Amazon lands US patent covering drone security measures
- Amazon has been awarded a patent on measures intended to secure and protect drones while in flight to deliver packages, the U.S. Patent Office confirmed, according to CNBC.
- The patent is the result of a 2014 filing by Amazon, which sought to copyright "countermeasures of threats to an uncrewed autonomous vehicle," otherwise known as a drone. Amazon noted in its original filing that drones and their on-board communication and data systems could be targeted by malicious hackers.
- The patent also refers to how delivery drones could be connected to a mesh network to communicate and exchange location data, and that techniques such as encryption, frequency hopping and spread-spectrum could be used to both improve security and reduce the likelihood of interference.
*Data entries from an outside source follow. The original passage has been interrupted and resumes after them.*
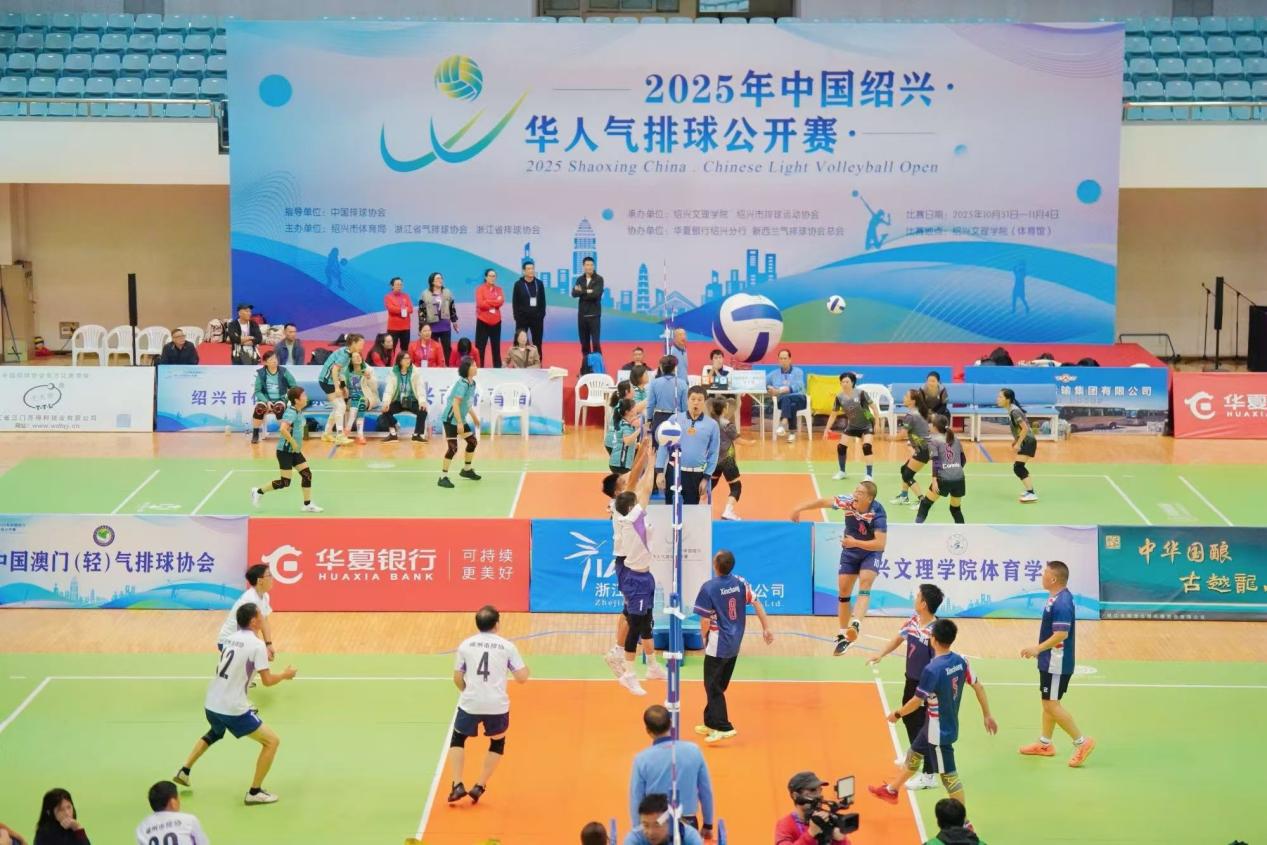 11月1日,由中国排球协会指导,绍兴市体育局、浙江省排球协会主办的2025年中国绍兴・华人气排球公开赛在绍兴文理学院体育馆开赛,来自全球的气排球爱好者以球会友、同场竞技。
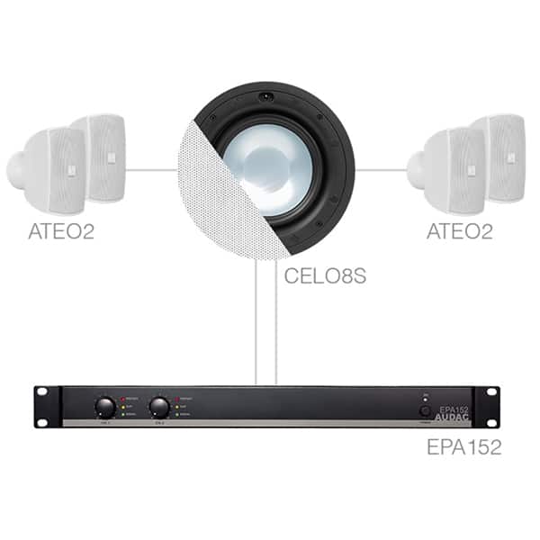 Audac Sona82.4S W este un sistem audio de interior format din 4 boxe ultra-compacte ATEO2 cu driver de 2 inch si sunet foarte plin, subwoofer CELO8S de 8 inch ce reproduce frecventele joase in cel mai natural mod, cu crossover stereo incorporat si amplificator stereo EPA152 cu eficienta energetica clasa D. Acest sistem poate acoperi pana la 100 m2 cu muzica ambientala puternica si clara.
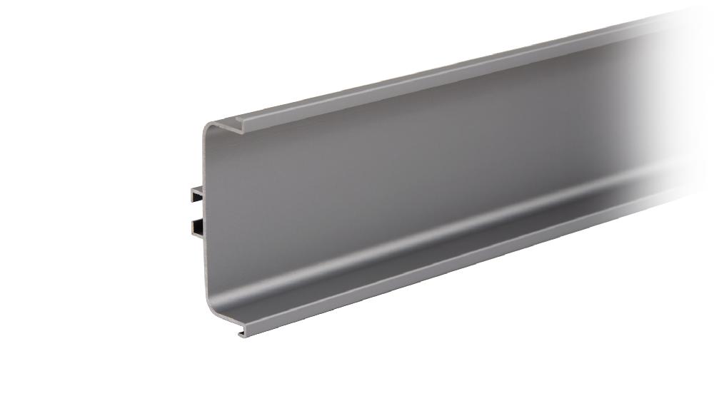RP050 — C-образный профиль GOLA BALANCE для фасадов второго и следующих рядов нижней базы мебельного гарнитура. Модель устанавливается между ящиками и позволяет захватывать как нижний, так и верхний фасады. Полезная длина RP050 составляет 4100 мм.

Reports of this patent award come just a couple of weeks after Amazon completed its first Prime Air drone delivery in the U.K., where it has pursued much of its drone development while the U.S. government failed to aggressively address delivery drone guidelines.
It's no surprise that Amazon was thinking about security measures for complex drone operating environments way back in 2014. Allowed to move at its own pace, the e-commerce giant might have had many delivery drones making regular flights by now. Even though Amazon's drone delivery ambitions — and the drone delivery hopes of the entire retail sector — became muddled and delayed by slow-moving regulation development, this patent is a significant win for Amazon and a step forward for drone delivery.
One of the big reasons why delivery drone regulations have been delayed is that government authorities want to make sure all the safety issues have been sorted out. If a delivery drone, or a number of delivery drones, were to be hacked in-flight, there could be disastrous implications both from a business perspective and a human safety perspective.
The unfortunate reality for delivery drones is the U.S. is that we may still be a couple years away from Federal Aviation Administration rules to govern their use, and even a little farther off from complex air space environments in which many drones from different operators are sharing the same space. Still, until then, drone operators can gain FAA approval for specific, controlled delivery projects, such as the extended pilot project Flirtey has been running on behalf of 7-Eleven in Nevada. Those projects and the efforts of companies like Amazon to prove the delivery drone flight can be safe and secure will help retail's drone delivery hopes make it to the next era intact.